Thomas cocked his head. “Poppet? What poppet?”

“Did no one find one in Malcolm’s room?”

Thomas shook his head. “The room had a strange aroma, of flowers and blood. A peculiar weed had grown and wound its way around the bedpost; we plucked it out, but it appeared to grow back.”

Oh, thank Mab. My work had not been undone.

But Thomas continued. “My brother, he arched upwards, body contorting itself in pain. The priest did murmur a brief prayer, and Malcolm’s flesh grew slack, never to move again.”

I screamed, a pitch to shake the rafters and make goblets shatter, should there be any about. The priest! His prayers undid my faery spells. I said Malcolm was not to be disturbed.

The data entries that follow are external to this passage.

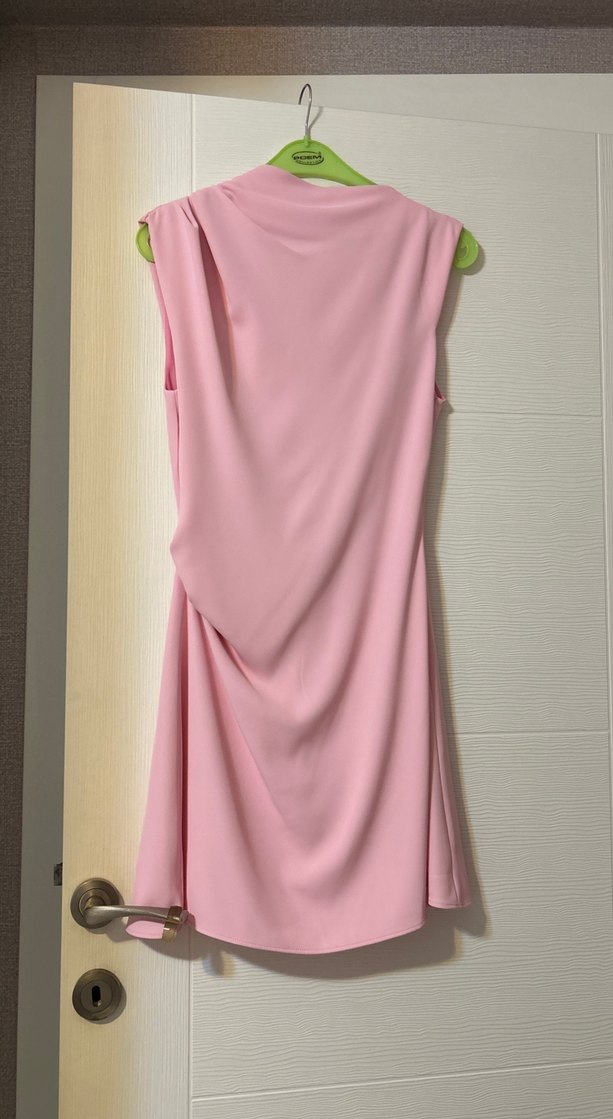 Pembe renkte kolsuz, V yakalı midi elbise, drapeli tasarımı ve vücuda oturan kesimiyle günlük kullanıma uygundur. S beden Zara mağazasından alındı bir kez giyildi hiç bir kusuru yok ürün kodu 3128/324/620 almak isteyen mesaj atarsa detaylı fotoğraflarını atabilirim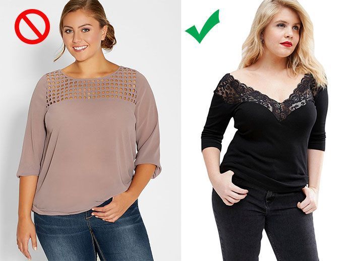 Οι μπλούζες με V λαιμόκοψη τείνουν να κάνουν τον κορμό σας να δείχνει πιο μακρύς. Επομένως, δημιουργεί την ψευδαίσθηση πως είστε πιο ψηλή και πιο αδύνατη. Αντιθέτως, οι μπλούζες με έξω τους ώμους και λαιμόκοψη χαμόγελου, κάνουν το σώμα σας να δείχνει πιο πλατύ και σας προσθέτουν κιλά. Αν λοιπόν θέλετε να κρύψετε τα παραπανίσια κιλά που διαθέτετε στον κορμό του σώματος σας προτιμήστε μια μπλούζα με V λαιμόκοψη.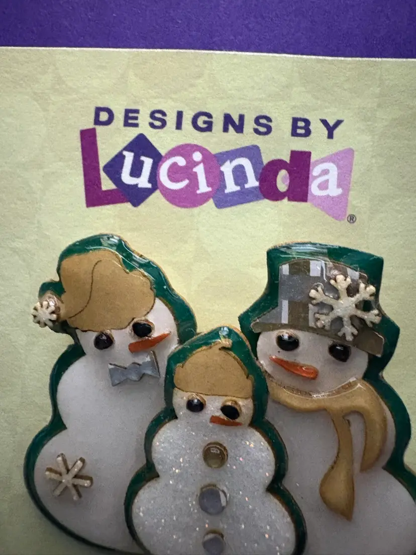 Designs By Lucinda ~ Vintage SNOWMAN FAMILY Pin / Brooch ~ Dark Green Background ~ Kid Is Glittery ~ Each Snowman Has Accessories In Gold. ❄️☃️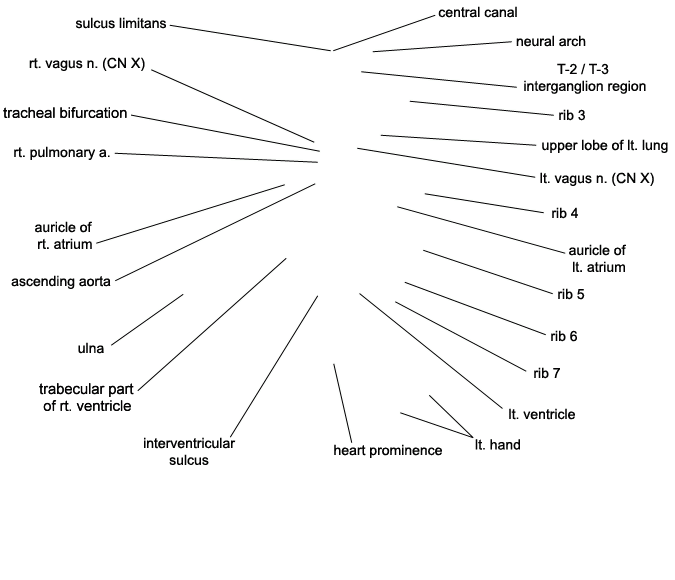 Keywords: T-2 / T-3 interganglion region, ascending aorta, auricle of left atrium, auricle of right atrium, central canal, heart prominence, interventricular sulcus, left hand, left vagus nerve (CN X), left ventricle, neural arch, rib 3, rib 4, rib 5, rib 6, rib 7, right pulmonary artery, right vagus nerve (CN X), sulcus limitans, trabecular part of right ventricle, tracheal bifurcation, ulna, upper lobe of left lung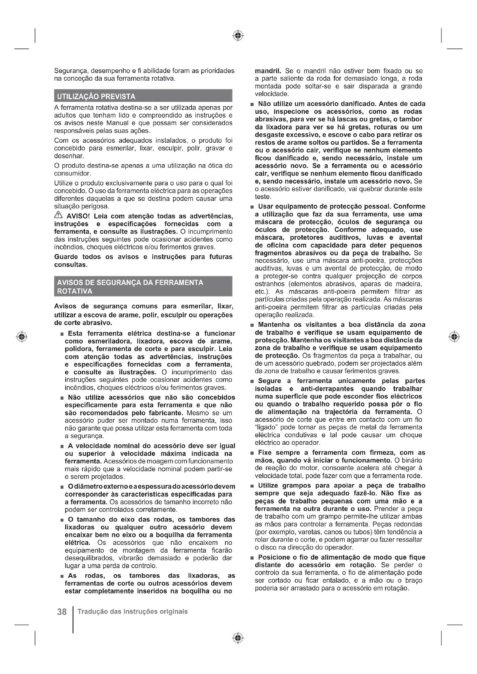 ROTATIVA Avisos de segurança comuns para esmerilar, lixar, utilizar a escova de arame, polir, esculpir ou operações de corte abrasivo. ■ Esta ferramenta elétrica destina-se a funcionar como esmeriladora, lixadora, escova de arame, polidora, ferramenta de corte e para esculpir. Leia com atenção todas as advertências, instruções e especificações fornecidas com a ferramenta, e consulte as ilustrações. O incumprimento das instruções seguintes pode ocasionar acidentes como incêndios, choques eléctricos e/ou ferimentos graves. ■ Não utilize acessórios que não são concebidos especificamente para esta ferramenta e que não são recomendados pelo fabricante. Mesmo se um acessório puder ser montado numa ferramenta, isso não garante que possa utilizar esta ferramenta com toda a segurança. ■ A velocidade nominal do acessório deve ser igual ou superior à velocidade máxima indicada na ferramenta. Acessórios de moagem com funcionamento mais rápido que a velocidade nominal podem partir-se e serem projetados. ■ O diâmetro externo e a espessura do acessório devem corresponder às características especificadas para a ferramenta. Os acessórios de tamanho incorreto não podem ser controlados corretamente. ■ O tamanho do eixo das rodas, os tambores das lixadoras ou qualquer outro acessório devem encaixar bem no eixo ou a boquilha da ferramenta elétrica. Os acessórios que não encaixem no equipamento de montagem da ferramenta ficarão desequilibrados, vibrarão demasiado e poderão dar lugar a uma perda de controlo. ■ As rodas, os tambores das lixadoras, as ferramentas de corte ou outros acessórios devem estar completamente inseridos na boquilha ou no mandril. Se o mandril não estiver bem fixado ou se a parte saliente da roda for demasiado longa, a roda montada pode soltar-se e sair disparada a grande velocidade. ■ Não utilize um acessório danificado. Antes de cada uso, inspecione os acessórios, como as rodas abrasivas, para ver se há lascas ou gretas, o tambor da lixadora para ver se há gretas, roturas ou um desgaste excessivo, e escove o cabo para retirar os restos de arame soltos ou partidos. Se a ferramenta ou o acessório cair, verifique se nenhum elemento ficou danificado e, sendo necessário, instale um acessório novo. Se a ferramenta ou o acessório cair, verifique se nenhum elemento ficou danificado e, sendo necessário, instale um acessório novo. Se o acessório estiver danificado, vai quebrar durante este teste. ■ Usar equipamento de protecção pessoal. Conforme a utilização que faz da sua ferramenta, use uma máscara de protecção, óculos de segurança ou óculos de protecção. Conforme adequado, use máscara, protetores auditivos, luvas e avental de oficina com capacidade para deter pequenos fragmentos abrasivos ou da peça de trabalho. Se necessário, use uma máscara anti-poeira, protecções auditivas, luvas e um avental de protecção, de modo a proteger-se contra qualquer projecção de corpos estranhos (elementos abrasivos, aparas de madeira, etc.). As máscaras anti-poeira permitem filtrar as partículas criadas pela operação realizada. As máscaras anti-poeira permitem filtrar as partículas criadas pela operação realizada. ■ Mantenha os visitantes a boa distância da zona de trabalho e verifique se usam equipamento de protecção. Mantenha os visitantes a boa distância da zona de trabalho e verifique se usam equipamento de protecção. Os fragmentos da peça a trabalhar, ou de um acessório quebrado, podem ser projectados além da zona de trabalho e causar ferimentos graves. ■ Segure a ferramenta unicamente pelas partes isoladas e anti-derrapantes quando trabalhar numa superfície que pode esconder fios eléctricos ou quando o trabalho requerido possa pôr o fio de alimentação na trajectória da ferramenta. O acessório de corte que entre em contacto com um fio “ligado” pode tornar as peças de metal da ferramenta eléctrica condutivas e tal pode causar um choque eléctrico ao operador. ■ Fixe sempre a ferramenta com firmeza, com as mãos, quando vá iniciar o funcionamento. O binário de reação do motor, consoante acelera até chegar à velocidade total, pode fazer com que a ferramenta rode. ■ Utilize grampos para apoiar a peça de trabalho sempre que seja adequado fazê-lo. Não fixe as peças de trabalho pequenas com uma mão e a ferramenta na outra durante o uso. Prender a peça de trabalho com um grampo permite-lhe utilizar ambas as mãos para controlar a ferramenta. Peças redondas (por exemplo, varetas, canos ou tubos) têm tendência a rolar durante o corte, e podem agarrar ou fazer ressaltar o disco na direcção do operador. ■ Posicione o fio de alimentação de modo que fique distante do acessório em rotação. Se perder o controlo da sua ferramenta, o fio de alimentação pode ser cortado ou ficar entalado, e a mão ou o braço poderia ser arrastado para o acessório em rotação.

Thomas cringed, though his brow still softened into pity. “Lass, you are overcome.”

“Overcome!”

A part of Faery I had made Malcolm’s room. A part of Faery banished in an instant. My work was rendered useless, destroyed. My enchantments were undone.

I was undone.

Revulsion churned inside me, fouler than any aroused by Christians’ nasty little crosses and the mortals’ toxic iron. How could I stand these fools, who turned in their need to the unfeeling heavens, and undid the work of true magic around them?

How could I love a man who put me aside?

I held my hand out before me, saw it as if a tree branch, cracking, dying, splitting in two. I felt the rose at the side of my throat growing thorns.

Thomas’s mouth fell open; horror-stricken, his face went pale. “My Bess, what is happening to you?”

I laughed without mirth, silver lightning lancing through the palm of my hand. “The bond is broken,” I told him. “And so ends the peace between us.

“You have made me an enemy of your very house.”